Sharyl Attkisson’s new book about her career as an investigative reporter at CBS News in the Age of Obama — Stonewalled: My Fight for Truth Against the Forces of Obstruction, Intimidation, and Harassment in Obama’s Washington — won’t be published officially until November 4. Kyle Smith provides a preview here in the New York Post.

Here is Smith’s account of the Attkisson angle intersecting with the Ingraham angle:

Attkisson, who received an Emmy and the Edward R. Murrow award for her trailblazing work on the story, says she made top CBS brass “incensed” when she appeared on Laura Ingraham’s radio show and mentioned that Obama administration officials called her up to literally scream at her while she was working the story.

One angry CBS exec called to tell Attkisson that Ingraham is “extremely, extremely far right” and that Attkisson shouldn’t appear on her show anymore. Attkisson was puzzled, noting that CBS reporters aren’t barred from appearing on lefty MSNBC shows.

Here is a glimpse of Attkisson’s exposure to news management in the cooperative style CBS News has worked out with the Obama administration:

She was turning up leads tying the Fast and Furious scandal (which involved so many guns that ATF officials initially worried that a firearm used in the Tucson shooting of Congresswoman Gabrielle Giffords might have been one of them) to an ever-expanding network of cases when she got an e-mail from Katie Couric asking if it was OK for Couric to interview Eric Holder, whom Couric knew socially, about the scandal. Sure, replied Attkisson.

No interview with Holder aired but “after that weekend e-mail exchange, nothing is the same at work,” Attkisson writes. “The Evening News” began killing her stories on Fast and Furious, with one producer telling Attkisson, “You’ve reported everything. There’s really nothing left to say.”

Readers are left to wonder whether Holder told Couric to stand down on the story.

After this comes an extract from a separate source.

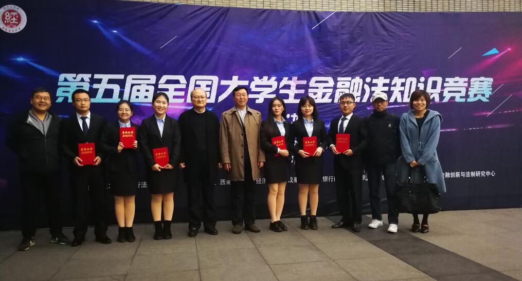 2018年11月16日,第五届全国大学生金融法知识竞赛在西南政法大学渝北校区举行,我校代表队代表西北赛区参加本次全国总决赛,经过激烈地角逐,我校代表队荣获全国二等奖。

Smith takes up Attkisson’s close encounter with the fraudulent Rathergate story peddled by CBS News in September 2004; we know a little about the underlying story that disgraced CBS News. One can discern in Smith’s telling that the details have receded into a vague recollection:

When a senior producer she doesn’t identify [Ed. note: Mary (cough, cough) Mapes] came to her in 2004 bubbling about documents that supposedly showed then-President George W. Bush shirked his duties during the Vietnam War, she took one look at the documents and said, “They looked like they were typed by my daughter on a computer yesterday.”

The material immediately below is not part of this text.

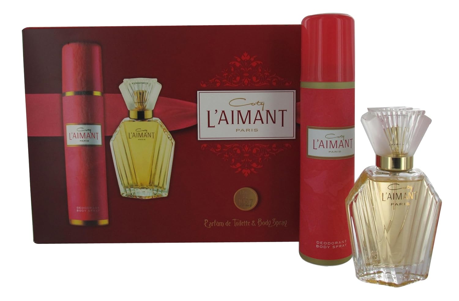 About this item . Coty L'Aimant Gift Set 1.0oz (30ml) Parfum de Toilette + 2.5oz (75ml) Body Spray ; Coty L'Aimant Gift Set 1.0oz (30ml) Parfum de Toilette + 2.5oz (75ml) Body Spray
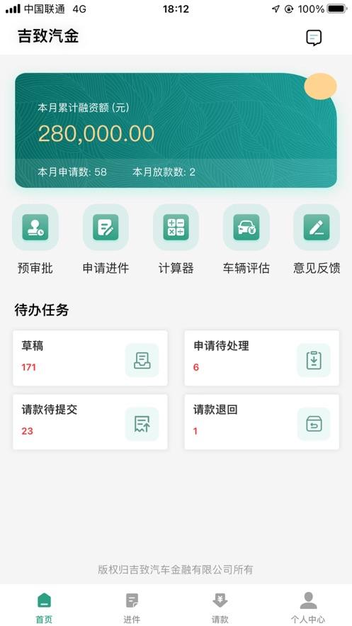 吉致行app是吉致汽车金融移动进件软件,软件拥有首页,进件,请款,个人中心等等功能服务,可以给予用户更智慧高效的金融服务支持,需要的朋友欢迎前来下载使用。

Asked to do a followup story on the documents, she flatly refused, citing an ethics clause in her contract. “And if you make me, I’ll have to call my lawyer,” she said. “Nobody ever said another word” to her about reporting on the documents, which turned out to be unverifiable and probably fake.

“Probably fake” does not capture the findings of CBS’s own internal investigation, which I reviewed in this 2005 Weekly Standard column For the record, folks, this was the finding of CBS’s own internal report, prepared by Richard Thornburgh and Louis Boccardi: “The [Thornburgh-Boccardi] Panel met with [forensic document expert Peter] Tytell and found his analysis sound in terms of why he believed that the documents are not authentic.” If the documents are “not authentic,” they are (unqualified) frauds. It is in any event pleasing to have on the record how Sharyl Attkisson escaped Rathergate.

Smith’s judgment: “After reading the book, you won’t question whether CBS News or Attkisson is more trustworthy.”